▸ **EXERCISE DATA**:
☆ ☆ ☆ ☆

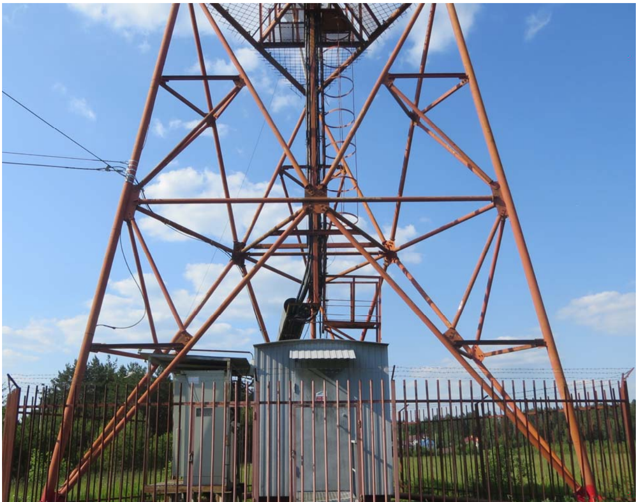
Рисунок 3 – Панорамная фотофиксация местности
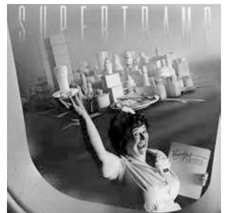
Vintage Vinyl LP Record Album - Breakfast In America Vinyl LP By Supertramp, Catalog Number SP-3708, Rock, A&M Records, 197.

Stahl mit einem Schmelzpunkt von rund 1.535° Celsius und einer guten Wärmeleitfähigkeit (die Wärme wird also bei lokalen Bränden verteilt) kann auf diese Weise niemals geschmolzen oder in so kurzer Zeit derart geschwächt werden dass ein kompletter, gravitativ bedingter Zusammenbruch erfolgt wie dies in verschiedenen offiziellen Darstellungen immer wieder behauptet wurde (mit der „Pancaketheorie“ wonach eine einstürzende Etage die jeweils darunter liegende kaskadenartig mitreißt bzw. später mit der „Pile-drivertheory“ bei der ein ganzer oberer Block von 12–15 Etagen wie im Falle des Nordturmes bzw. von rund

☆ ☆ ☆ ☆

▸ **TO DO**:
In the listing above, the line with "Vintage Vinyl LP" starts the part to copy. Copy it through the last line exactly, with nothing else.

▸ **RESPONSE TO THIS TASK**:
Vintage Vinyl LP Record Album - Breakfast In America Vinyl LP By Supertramp, Catalog Number SP-3708, Rock, A&M Records, 197.

Stahl mit einem Schmelzpunkt von rund 1.535° Celsius und einer guten Wärmeleitfähigkeit (die Wärme wird also bei lokalen Bränden verteilt) kann auf diese Weise niemals geschmolzen oder in so kurzer Zeit derart geschwächt werden dass ein kompletter, gravitativ bedingter Zusammenbruch erfolgt wie dies in verschiedenen offiziellen Darstellungen immer wieder behauptet wurde (mit der „Pancaketheorie“ wonach eine einstürzende Etage die jeweils darunter liegende kaskadenartig mitreißt bzw. später mit der „Pile-drivertheory“ bei der ein ganzer oberer Block von 12–15 Etagen wie im Falle des Nordturmes bzw. von rund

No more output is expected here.